Which gets to the heart of the problem – so much pressure is on government leaders to support business that the support is largely unquestioning, and anyone who does question it is labeled anti-business. The business community prides itself on making wise, thoroughly considered and informed decisions. The business lobby, however, apparently considers prudence a vice when exhibited by public officials.
What is needed is a new model for evaluating public support of business that bases the level and type of support on objective assessments of the particular business and the business climate under which it exists. For example, since the bankruptcy filing it is now widely known that EnvisioNet’s business sector – call centers providing technical support for computer hardware and software companies – is severely overcrowded with competitors, that a serious price war has been under way for months and that the year-old downturn in the technology sector has led some of the biggest names in the field, such as IBM and Hewlett Packard, to move into tech support in a big way.
This information was long known to the experts who keep track of the minutiae of the high-tech industry.
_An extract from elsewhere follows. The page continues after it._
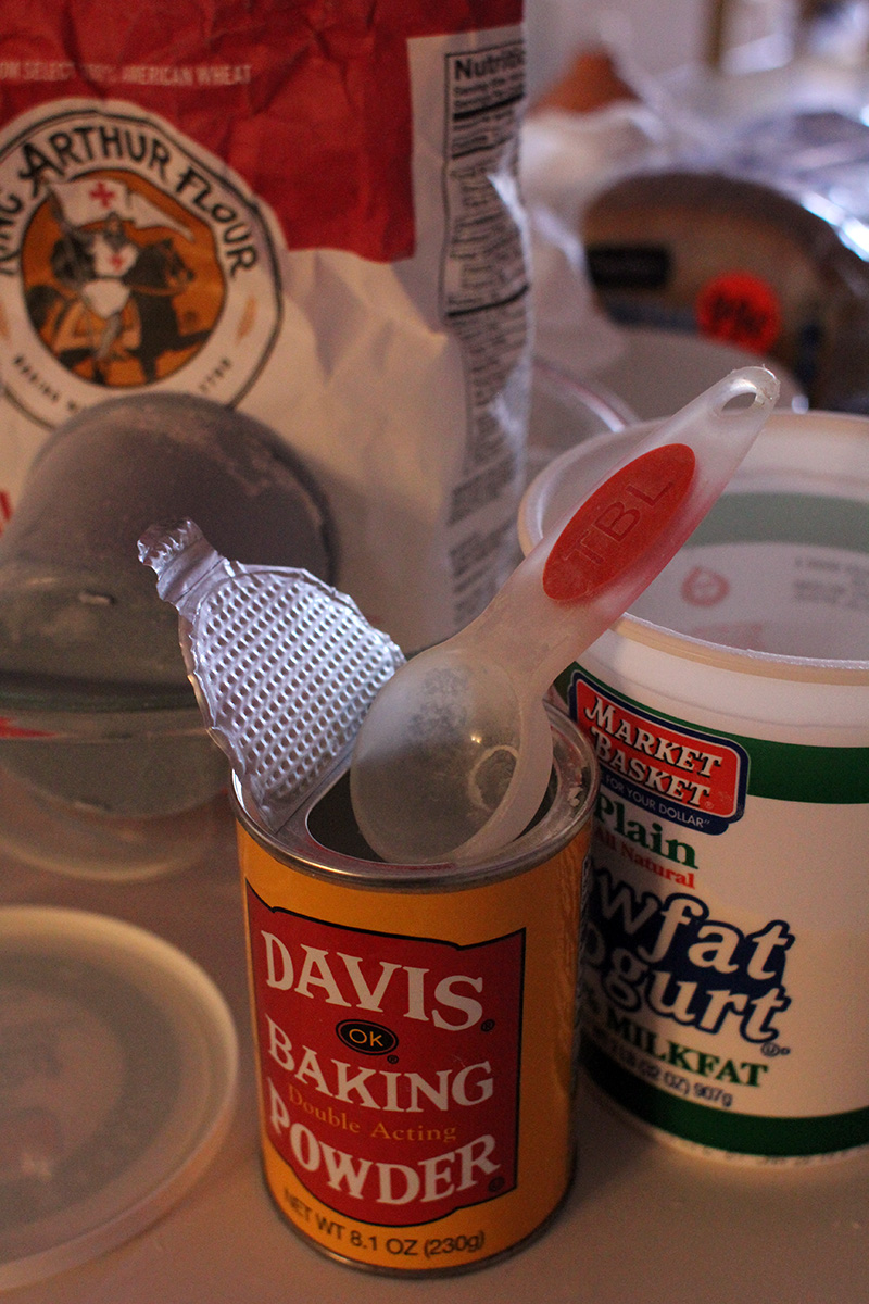 2 cups flour* 1/2 tsp salt 1 tbsp baking powder 1/2 cup half and half 2 cups frozen blueberries cooking spray |

It certainly would have helpful to officials in Orono (or in Brunswick or Augusta, where EnvisioNet also got help) but it is unreasonable to expect a town councilor to have the same level of knowledge as a high-tech sector financial analyst. It is not unreasonable, however, to expect publicly funded analysts at, say, the Maine Department of Economic and Community Development or the Finance Authority of Maine to more consistently track these trends and to compile relevant information that can lead to better-informed decisions at the state and local levels.